Tonight, we, along with fellow travelers Anna from Chicago and Angela from California, were picked up at the hotel by Jigme, a middle aged fellow wearing the Bhutanese garb of a bathrobe tied at the waist, black knee socks and western dress shoes. He drove us 20 minutes or so to their house at the edge of town where we meet his wife Soam and their 18 year old daughter Noam.
They welcomed us and we sat down in the living room to appetizers of toasted red rice, fried lentils and regular old potato chips.
Soam is a housewife and managed the construction of their house, which was very nice. It could be anywhere in the US. Jigme is in sports management, and runs a cricket league. Noam just graduated high school and will be starting college, majoring in development economics, perfect for this rapidly transitioning nation. They also have a 14 year old son at boarding school in India.
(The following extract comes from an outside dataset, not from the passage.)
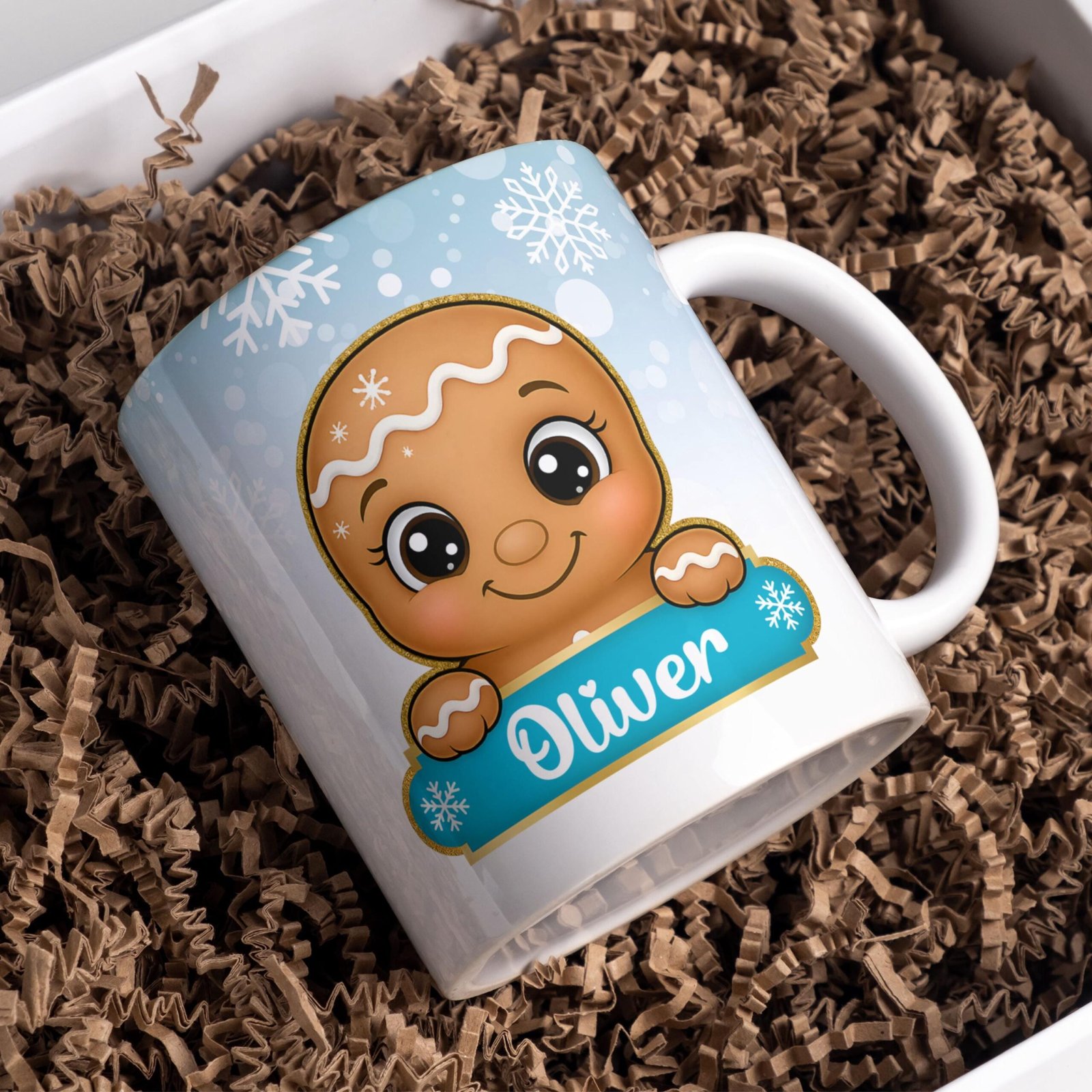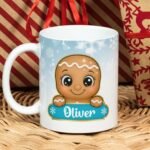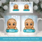 Digital Design PNG Mug, Xmas Kids Custom Name PNG Mug, Christmas Gingerbread Man Sublimation Mug, Transfer Wrap Mug Template, Blue Xmas PNG.
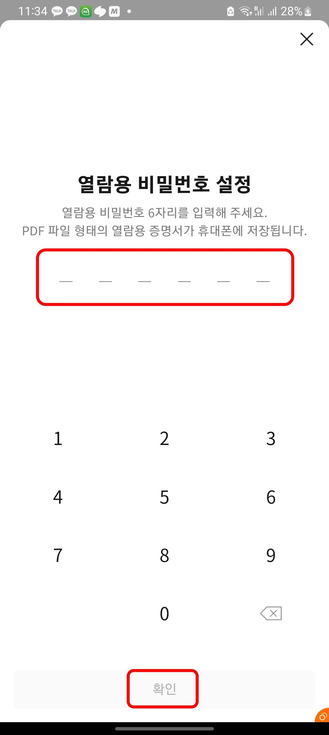 PDF 파일 형태의 열람용 증명서의 비밀번호를 설정합니다. 6자리의 비밀번호를 지정하면 열람시 비밀번호 입력을 통해 문서를 확인할 수 있습니다.

We chatted about lots of stuff, it was comfortable, stimulating conversation. Their son has a video game addiction that he is channeling into tech studies in India. Their water source is a spring 20 minutes walk up the mountain that flows in channels to tanks on their roof. Lots of Bhutanese go abroad for studies and work, but usually return home after some years to start coffee shops and other businesses that they learned about abroad.
Dinner was very good: homemade buckwheat cakes, buckwheat noodles, asparagus, egg drop soup, barbecued spare ribs, pumpkin with chicken, spinach in cheese sauce and rice. Mango for dessert.
Finally she showed is to her prayer room which has a large elaborately painted alter, statues of Tibetan dieties, and some nice weavings and religious paintings. All Bhutanese homes have such an alter.
The evening was the highlight of our trip so far. We had a great time and learned a lot.
Time to pack and get ready for the road tomorrow.